While common challenges across European countries necessitate a more unified approach to policy-making and economic reform – such as demographic changes and productivity growth – there are divergent economic developments within Europe, particularly between southern and northern economies. Panellists mentioned that these discrepancies raise questions about the ECB’s reaction function and the need for coordinated policy responses.

Some speakers were fearful that a coherent policy response will remain elusive. With far-right parties expected to make gains in the upcoming European Parliamentary elections, it seems less likely that the European electorate will be willing to grant more power to Brussels.
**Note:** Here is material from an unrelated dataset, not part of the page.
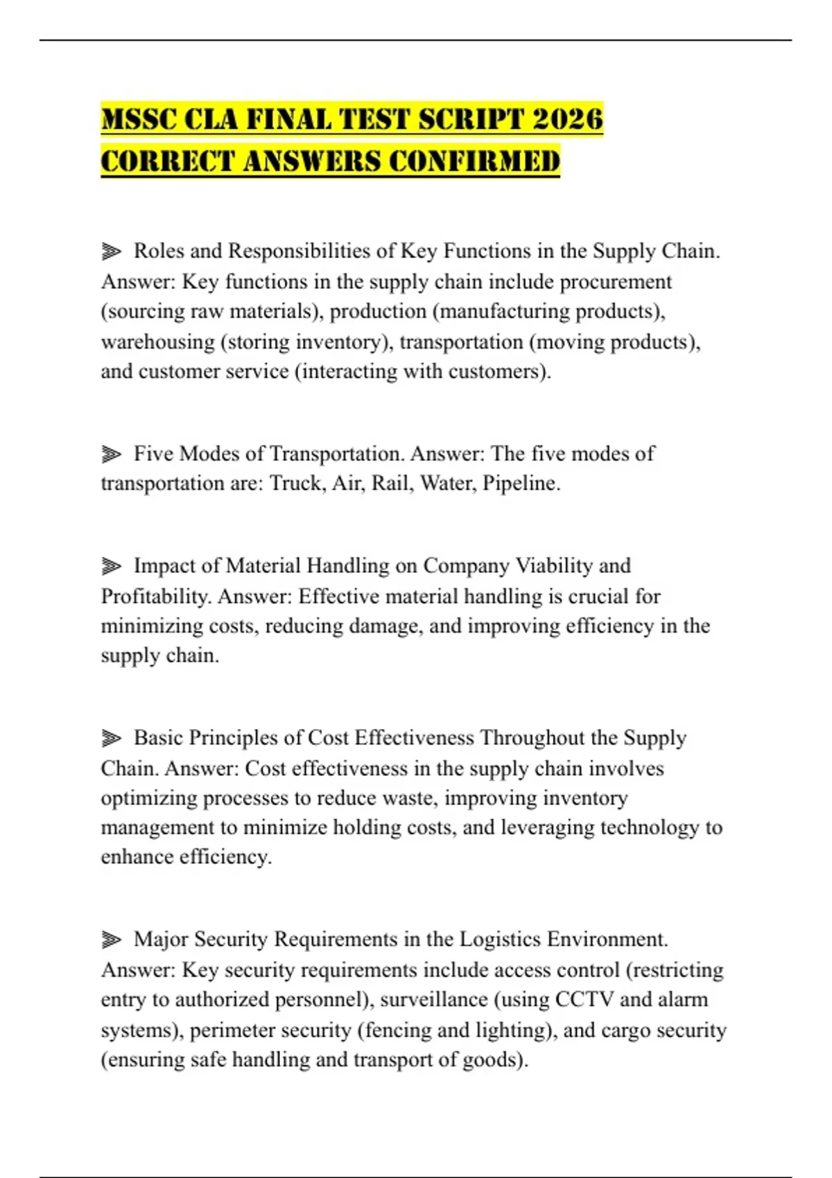 MSSC CLA FINAL TEST SCRIPT 2026 CORRECT ANSWERS CONFIRMED

But perhaps global shocks are the wake-up call Europe needs. Some panellists were optimistic that the challenging environment can spur the political will needed to introduce much needed reforms. ‘In area of defence and industrial policy, those are two big areas where we can make significant progress in 10 years,’ one speaker stated.

Historically, the most meaningful EU reforms have come about during times of crisis. In a volatile, unpredictable and fragmented world, European policy-makers should closely examine how they can improve their countries’ performance and competitiveness – and drive on further with European integration.

Taylor Pearce is Senior Economist, Economic and Monetary Policy Institute, OMFIF.